= Astrid Hjertenæs Andersen =

Norwegian poet and travel-writer

Astrid Hjertenæs Andersen (5 September 1915 – 21 April 1985) was a Norwegian poet and travel-writer. She is a recipient of the Norwegian Critics Prize for Literature (Kritikerprisen), Riksmål Society Literature Prize (Riksmålsprisen), Dobloug Prize (Doblougprisen), and the Norwegian Academy Prize in memory of Thorleif Dahl (Det Norske Akademi for Språk og Litteratur).

==Biography==
Astrid Gerd Judith Hjertenæs was born in Horten (now Borre) in Vestfold County, Norway. Her father was a naval officer assigned to Karljohansvern.
She attended a secretary and journalist school for women (Hallings sekretær- og journalistskole for damer). She later worked as a typist and journalist for Aftenposten, Norway's largest newspaper. In 1939, she married the painter Snorre Andersen (1914–1979), who later illustrated several of her poetry collections.
Her work contained nature poems written to her husband's watercolors.

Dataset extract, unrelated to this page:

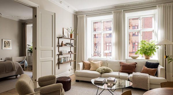 Интерьер этой шведской квартиры в бежевых тонах смотрится очень целостно и гармонично. В скандинавских интерьерах часто бывает, что одна или две комнаты «выпадают» из общей картины, но в

Dating from 1942, she devoted herself entirely writing. Her poems appeared often in both Aftenposten and Dagbladet. From the 1950s, Andersen wrote in the modernist direction of Norwegian post-war poetry. She had studied American poetry and drama during a one-year scholarship at Yale University. The poems show a clear connection to the symbolism of the past century and were often inspired by music and visual art. A strong personal artistic style, often with the use of free forms, together with the suggestive use of images and symbols, characterize her writings.

==Awards==
Astrid Andersen was awarded the Norwegian Critics Prize for Literature (Kritikerprisen) in 1964, Riksmål Society Literature Prize (Riksmålsprisen) in 1976 and Dobloug Prize (Doblougprisen) in 1984. Additionally in 1984, she received the Norwegian Academy Prize in memory of Thorleif Dahl (Det Norske Akademi for Språk og Litteratur).

== Partial bibliography ==
- De ville traner - poems (1945)
- De unge søylene - poems (1948)
- Skilpaddehagen - poems (1950)
- Strandens kvinner - poems (1955)
- Vandrersken - poems (1957)
- Pastoraler - poems (1960)
- Frokost i det grønne - poems (1964)
- Dr. Gnomen - poems (1967)
- Hyrdefløyten – epistler fra Algerie - travel writing 1968)
- Rosenbusken - poems (1972)
- Svaner og nåtid – epistler fra Island - travel writing (1973)
- Et våroffer - poems (1976)
- De tyve landskaper - poems (1980)
- Samlede dikt - poems (1985)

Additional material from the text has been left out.